4. Create a new cell, and use the approprite statistical test to compare the expression patterns of the following pairs: Hint: In R, the functions t.test() and wilcox.test() may be useful to you.

a. geneA vs geneB

b. geneA vs geneC

c. geneB vs geneC

d. geneB vs geneD

Outside the code chunks, write down what statistical test you use in the analysis and what results you get. Write your answers in a markdown cell in your new notebook.

5a. Now, make sure you hit the save button on your jupyter notebook!

5b. Download your ipython notebook file as an html file. To accomplish this, go to the "File" menu and select "Download as", and select HTML.

Open in up in a web browser. As you can see, it looks very similar to the code in the jupyter notebook, except that you can not edit it.

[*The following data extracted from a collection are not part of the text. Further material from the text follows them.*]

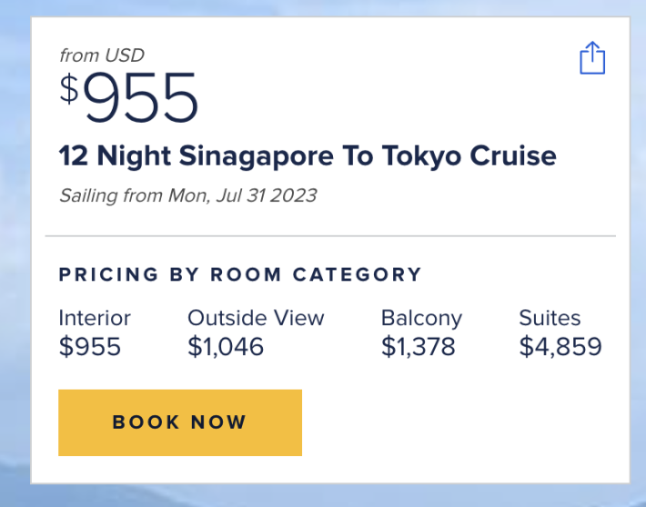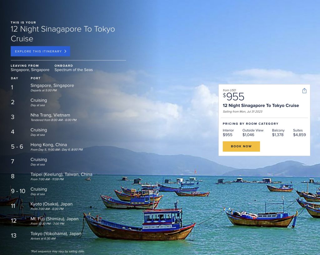 (此爲美國官網價格,目前Royal Caribbean新加坡官網尚未開放預訂)
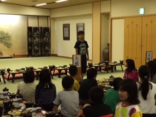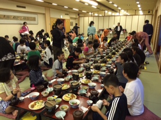 お風呂を済ませて,大広間で夕食をいただいています。今日一日,はりきって活動したので,おなかもぺこぺこです。みんなで食べるごちそうの味は,きっと格別でしょうね。
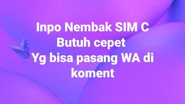 Ada dua unggahan soal tersebut. Pertama, 'Inpo Nembak SIM C Butuh cepet Yg bisa pasang WA di koment'. Yang kedua, 'Inpo ne lur, agen SIM A/C sg aman terpercaya n murah area ponorogo sek enek gk ya?'.
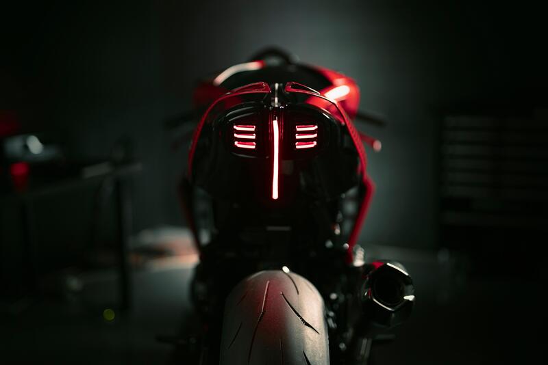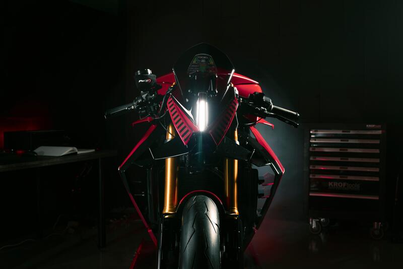 La posizione di guida è quindi rivista con una coppia di manubri piazzati molto più in basso che congiuntamente al riposizionamente delle pedane delineano un'ergonomia sportiva che va a braccetto con la ricerca della migliore aerodinamica del complesso moto/pilota.
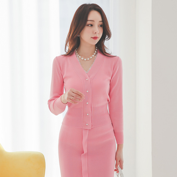 迷你 珍珠 V字领 针织衫 开衫
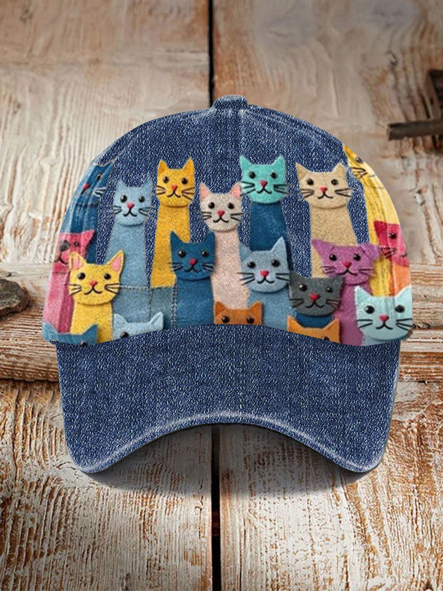 Unisex Colorful Cats Design Print Cap
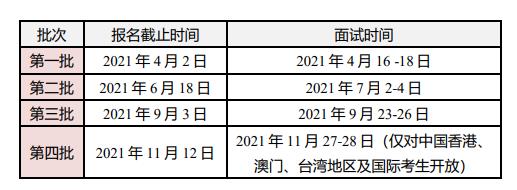 資料齊全且通過審核后,學(xué)院將以電子郵件的方式給予反饋,在各批次報名截止時間后按照相應(yīng)批次的面試時間統(tǒng)一安排面試。考生須攜帶考試通知上所要求的材料參加面試。面試時須攜帶所有資料原件進行資格審查。通過面試者將獲得條件錄取資格。
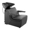 Der komfortable Waschsessel verfügt über eine gepolsterte Sitz- und Rückenfläche mit integrierten Federn, die ein besonders angenehmes Sitzgefühl ermöglicht. Die zusätzliche Lendenpolsterung unterstützt eine entspannte Körperhaltung – ideal für längere Pflege- oder Wellnessbehandlungen. Die tiefe Keramik-Waschschüssel in Schwarz oder Weiß ist über einen Kippmechanismus verstellbar und sorgt für eine optimale Kopfposition.
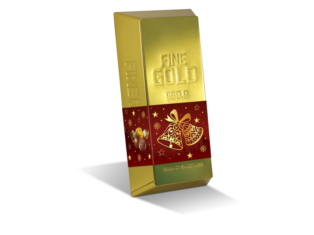 Plechová dóza v tvare zlatej tehličky ukrýva talianske pralinky s krémovou lieskovoorieškovou náplňou – darček s iskrou.
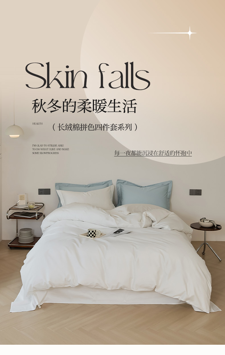 当前位置: 91家纺网 > 商品网购 > 床品套件 > 四件套 > 长绒棉四件套 > EH家居 2024新款长绒棉拼色四件套系列--英文版 象牙白
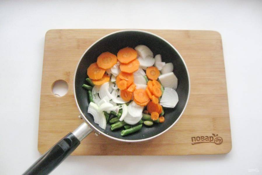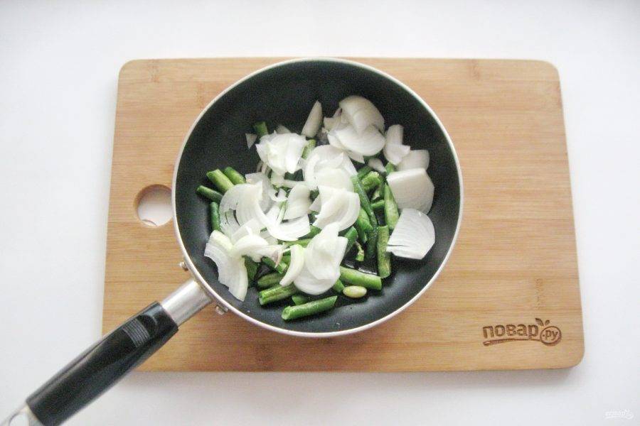 Лук очистите, помойте и нарежьте произвольно. Выложите в сковороду. Зеленую фасоль помойте и добавьте к луку.
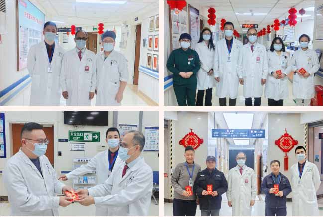 2月16日農(nóng)歷除夕,院長項耀鈞、副總經(jīng)理吳啟航等院領(lǐng)導(dǎo),攜行政總值班、護(hù)理總值班一行,深入臨床一線、醫(yī)技科室及后勤保障等部門,走到每一個仍在崗位上忙碌的身影身邊送上誠摯的節(jié)日問候。
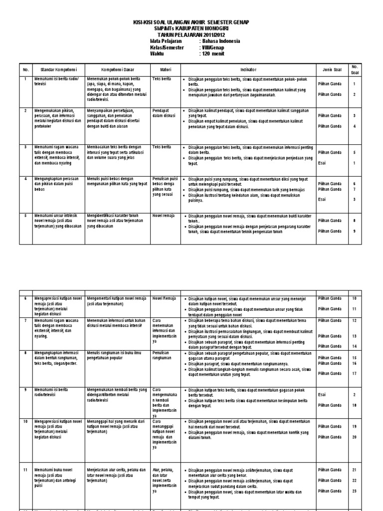 Kisi-kisi PAT Bahasa Indonesia SMP Kelas 7 Kurikulum 2013 …

5c. Next, upload the HTML back into your directory. .html files can be opened by any web browser. Therefore, this html file can be useful for sharing your results with anyone who does not have jupyter installed on their computer. You can also download jupyter notebooks as .pdf files if you have jupyter installed on your own computer. However, the pdf convertor does not always work on CoCalc.

6. Finally, create a new cell, and in R, call the sessionInfo() command. This command gives you a snapshot of the versions of libraries and various tools that you have installed (and run). Useful for reproducibility!